▶ [TASK DIRECTIONS]
Find the line with "Echter Lichtblick sind" in the records below. Output exactly from there until after the line with "Результат разгона AMD Sempron (Manila)", without pictures.

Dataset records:
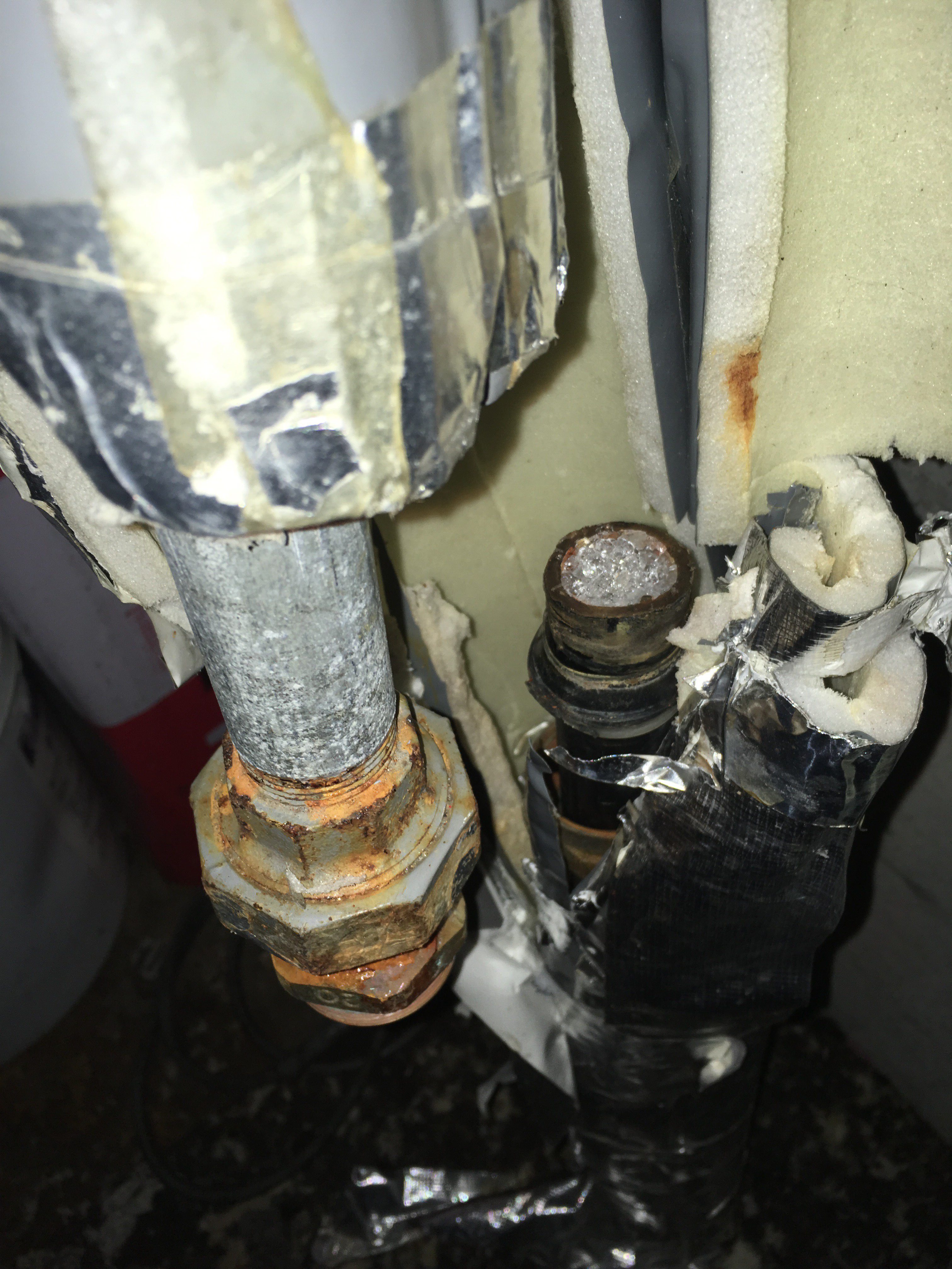本日は蛇口から水が一切出ないとの事でご依頼頂きました。お伺いさせて頂くと水抜栓は開いているのに一切水が出ない状態でした、どこから水が出なくなってしまっているのか調査するために水道管の立ち上がり管を外して見ると外した断面が凍っている状態でした、作業としてはスチーム解氷作業となります、断面に直接高温のスチームが出る管を入れて解氷して外した水道管を接続し直して通水してみると無事水が出るようになりました。もう凍結のピークは過ぎましたが夜はまだまだ冷え込んでいるので注意が必要ですね(;´Д`)
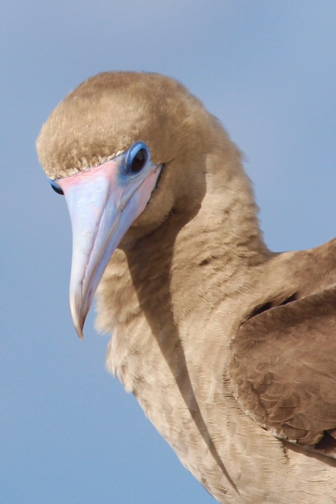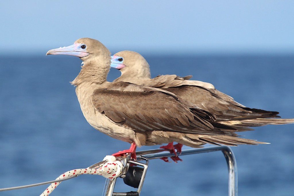 Echter Lichtblick sind einmal mehr die Boobies. Bis zu sieben von ihnen haben sich auf unseren Bugkorb und vorderen Seezaun gequetscht, vier sind die ganze Nacht geblieben, trotz Segelmanövern und gelegentlicher Duschen von den aufspritzenden Wellen. Überwiegend sind es Rotfußtölpel (Blaufußtölpel etwa können sich mit ihren Füßen gar nicht auf Äste oder eben Bugkörbe krallen), ein Brauner Tölpel hat es trotz Abwehrgeschnatter und und in die Schwanzfedern kneifen geschafft, seine gelben Füße zwischne ihre roten auf den Relingsdraht zu setzen. Mit ihren intensiv blau umrandeten Augen, dem hellblauen Schnabel und den rosafarbenem Gesicht, dem braunen Gefieder und dazu den kurzen roten Beinen wirken die zwischen Enten- und Gänsegroßen Vögel ein bisschen, als würden sich die Rotfußtölpel geschminkt zu einem Maskenball versammeln und auf der Toilette noch einmal das Federkleid sortieren. Wobei, Toilette … Gehört auch dazu 😦
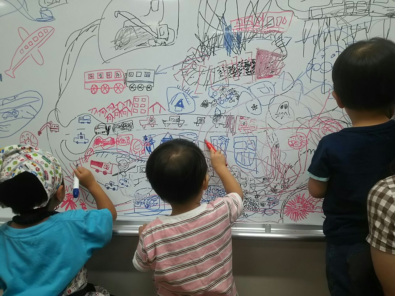 会場は料理室なので、調理テーブル以外の空間はあまりないのですが、敷物を敷いて絵本も数冊用意されていたので、ねんねの子や絵本読む/聞く子はそこで過ごしたり、ホワイトボードでお絵かきしたりして遊べましたよ。
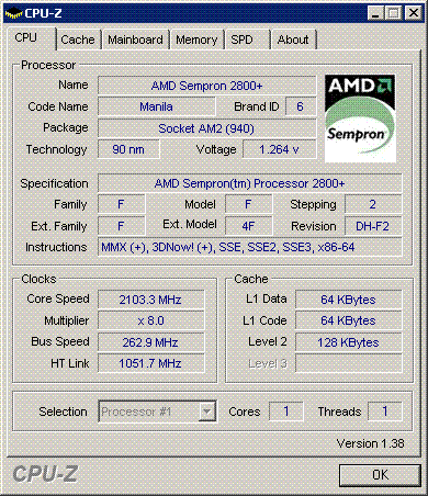 Результат разгона AMD Sempron (Manila)
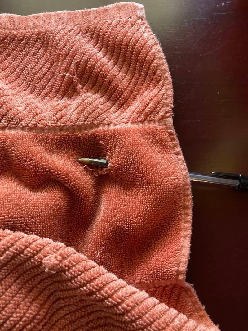 This really old towel had sentimental value aside from me liking the brand, design, and color. However, I had to admit it was faded and worn. Notice the pen showing a hole plus frayed areas and a few loose threads that I could have trimmed, although they might have unraveled more. I couldn't help but notice the negative symbolism of "coming apart at the seams." I imagine this did not bode well for my mental health, as well as taking up space that a nice new towel could occupy. I lovingly let this go.

▶ [OUTPUT BELOW]
 Echter Lichtblick sind einmal mehr die Boobies. Bis zu sieben von ihnen haben sich auf unseren Bugkorb und vorderen Seezaun gequetscht, vier sind die ganze Nacht geblieben, trotz Segelmanövern und gelegentlicher Duschen von den aufspritzenden Wellen. Überwiegend sind es Rotfußtölpel (Blaufußtölpel etwa können sich mit ihren Füßen gar nicht auf Äste oder eben Bugkörbe krallen), ein Brauner Tölpel hat es trotz Abwehrgeschnatter und und in die Schwanzfedern kneifen geschafft, seine gelben Füße zwischne ihre roten auf den Relingsdraht zu setzen. Mit ihren intensiv blau umrandeten Augen, dem hellblauen Schnabel und den rosafarbenem Gesicht, dem braunen Gefieder und dazu den kurzen roten Beinen wirken die zwischen Enten- und Gänsegroßen Vögel ein bisschen, als würden sich die Rotfußtölpel geschminkt zu einem Maskenball versammeln und auf der Toilette noch einmal das Federkleid sortieren. Wobei, Toilette … Gehört auch dazu 😦
 会場は料理室なので、調理テーブル以外の空間はあまりないのですが、敷物を敷いて絵本も数冊用意されていたので、ねんねの子や絵本読む/聞く子はそこで過ごしたり、ホワイトボードでお絵かきしたりして遊べましたよ。
 Результат разгона AMD Sempron (Manila)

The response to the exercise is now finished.